9 min read

What A/B Testing Teams Can Learn from 40 Years of Oncology Trial Mistakes

What A/B Testing Teams Can Learn from 40 Years of Oncology Trial Mistakes

Two worlds with remarkably similar challenges—and strikingly similar failures.

Why Tech Should Pay Attention to Cancer Trials

Most product teams believe A/B testing is a modern invention—lean, data-driven, and efficient. But if you step back, experimentation in tech today looks remarkably similar to oncology trials in the 1980s and 1990s: well-intentioned, high-effort, and full of blind spots that took decades to recognize.
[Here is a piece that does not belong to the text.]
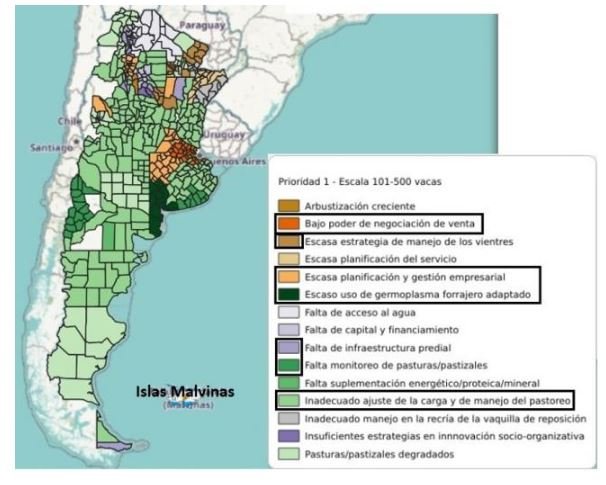 Este informe se limitará en las limitantes identificadas en establecimientos de cría de 101 a 500 vacas, que concentran 33% de las existencias de vacas del país. En el gráfico se observan las limitantes identificadas como principales en las diferentes zonas productivas del país. Considerando que entre Buenos Aires y Santa Fe se concentra 47% de la existencia de vacas del país, en estas dos provincias, las limitantes más sobresalientes mencionadas son inadecuado ajuste de carga y manejo de pastoreo, escasa planificación y gestión empresarial, escaso uso de germoplasma forrajero adaptado y bajo poder de negociación de ventas. Hay otras limitantes, como la falta de infraestructura, manejo de vientres y monitoreo de pasturas, pero en menor superficie identificado como prioridad.

The difference is that oncology has spent those decades learning—in painful, expensive, deeply human ways—what happens when experiments are poorly designed. The field transformed after spectacular failures in the early 2000s forced a reckoning with methodological complacency. Tech teams now have the rare privilege of learning those lessons without repeating the same mistakes.

This article walks through the parallels: not as a dry methodology tour, but as the story of how two experimental cultures matured, and how one can borrow wisdom from the other.

1. When Familiar Designs Fool Us: The 3+3 Story

In early cancer trials, clinicians defaulted to a simple dose-finding algorithm, the 3+3 design. It looked clean. It felt objective. It produced neatly structured cohorts of three patients at each dose level, escalating when toxicity stayed low.

But as statisticians later demonstrated, this design was quietly betraying the trials built upon it. Its dose estimates varied wildly. The same drug tested twice could yield Maximum Tolerated Doses two levels apart. Its operating characteristics were abysmal, correctly identifying the optimal dose only 30-40% of the time. Its scientific justification? Essentially nonexistent. It persisted through tradition, not merit.

What survived wasn't the method—it was the comfort of familiarity. Today, the 3+3 design is considered "practically unethical" in many contexts, replaced by model-based approaches like the Continual Reassessment Method that identify optimal doses 20-30% more accurately while exposing fewer patients to subtherapeutic or toxic doses.

The A/B Testing Parallel

Something similar happens every time a tech team defaults to "simple" without questioning whether simple is sufficient. That basic two-variant test with fixed duration and single-point analysis? It's the digital equivalent of the 3+3—familiar, traditional, and often wrong.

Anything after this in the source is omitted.